我们有一个大型日志文件,用于存储用户与应用程序的交互。日志文件中的条目遵循以下架构:{userId, timestamp, actionType} 其中 actionType 是两个可能值之一:[open, close]

约束:

  1. 日志文件太大,无法放入一台机器的内存中。还假设聚合数据不适合内存。
  2. 代码必须能够在单台机器上运行。
  3. 不应使用开箱即用的 mapreduce 或 3rd 方数据库实现;不要假设我们有 Hadoop 或 Spark 或其他分布式计算框架。
  4. 每个用户的每个 actionType 可以有多个条目,并且日志文件中可能缺少条目。因此,用户可能会丢失两个打开记录之间的关闭记录,反之亦然。
  5. 时间戳将严格按照升序排列。

对于这个问题,我们需要实现一个/多个类来计算每个用户在打开和关闭之间花费的平均时间。请记住,某些用户缺少条目,因此我们在进行计算时必须选择如何处理这些条目。

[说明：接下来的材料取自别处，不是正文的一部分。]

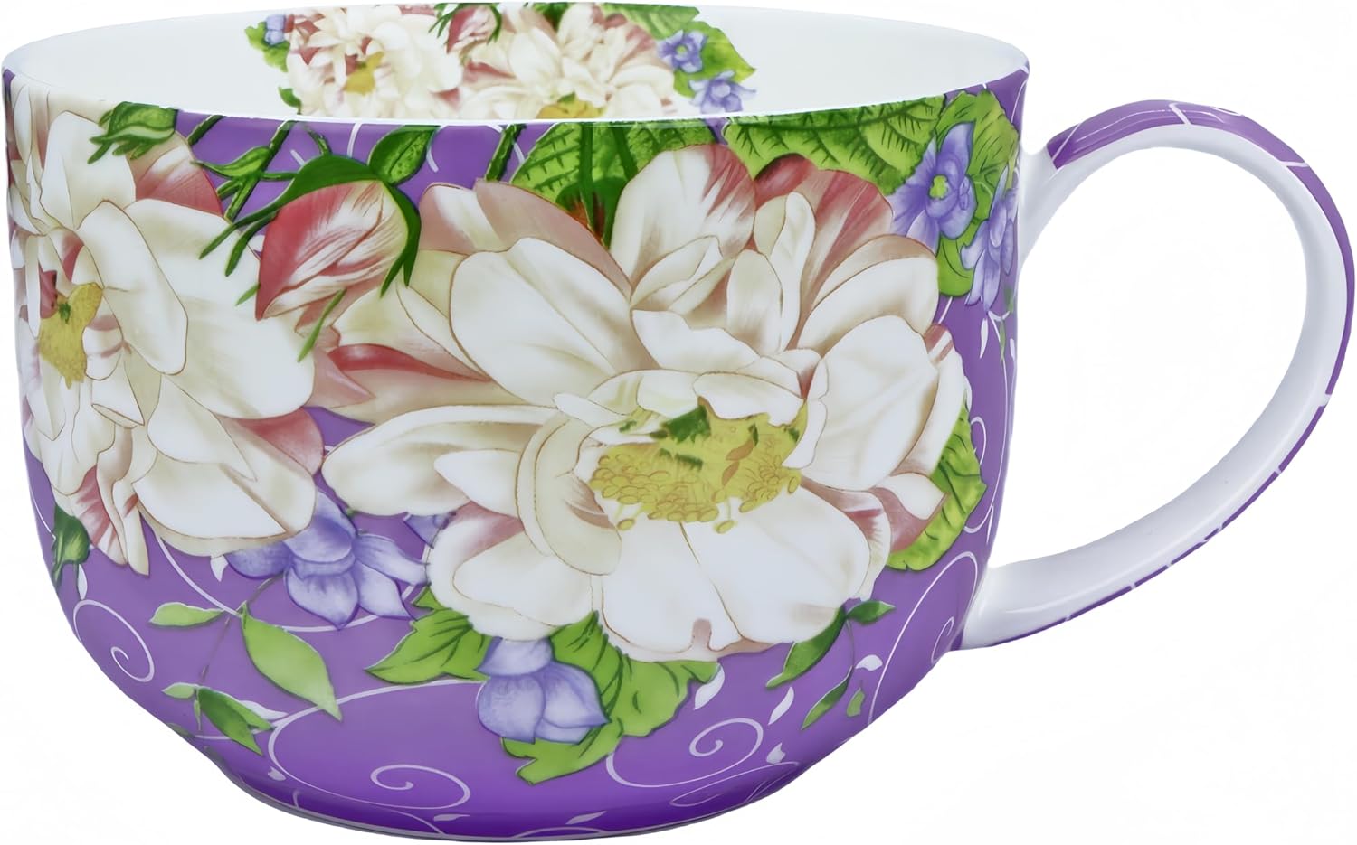 25oz Large Coffee Cups Soup Mugs with Handles Traditional Large Coffee Cup Large Bone China Coffee Mugs Cups for Coffee Cereal Latte Soups (Romantic Purple)

关于我们如何做出选择,代码应该遵循一致的政策。

对于日志文件中的所有用户,解决方案所需的输出应该是 [{userId, timeSpent},….]。

示例日志文件(逗号分隔的文本文件)

1,1435456566,open 
2,1435457643,open 
3,1435458912,open 
1,1435459567,close 
4,1435460345,open 
1,1435461234,open 
2,1435462567,close 
1,1435463456,open 
3,1435464398,close 
4,1435465122,close 
1,1435466775,close

方法

下面是我用 Python 和 Scala 编写的代码,它似乎效率不高,也没有达到给定场景的预期,我想从这个论坛的开发者社区反馈我们如何更好地优化这个代码给定的场景。

斯卡拉实现

import java.io.FileInputStream
import java.util.{Scanner, Map, LinkedList}
import java.lang.Long
import scala.collection.mutable

object UserMetrics extends App {
  if (args.length == 0) {
    println("Please provide input data file name for processing")
  } 
  val userMetrics = new UserMetrics()
  userMetrics.readInputFile(args(0),if (args.length == 1) 600000 else args(1).toInt)
}

case class UserInfo(userId: Integer, prevTimeStamp: Long, prevStatus: String, timeSpent: Long, occurence: Integer)

class UserMetrics {

  val usermap = mutable.Map[Integer, LinkedList[UserInfo]]()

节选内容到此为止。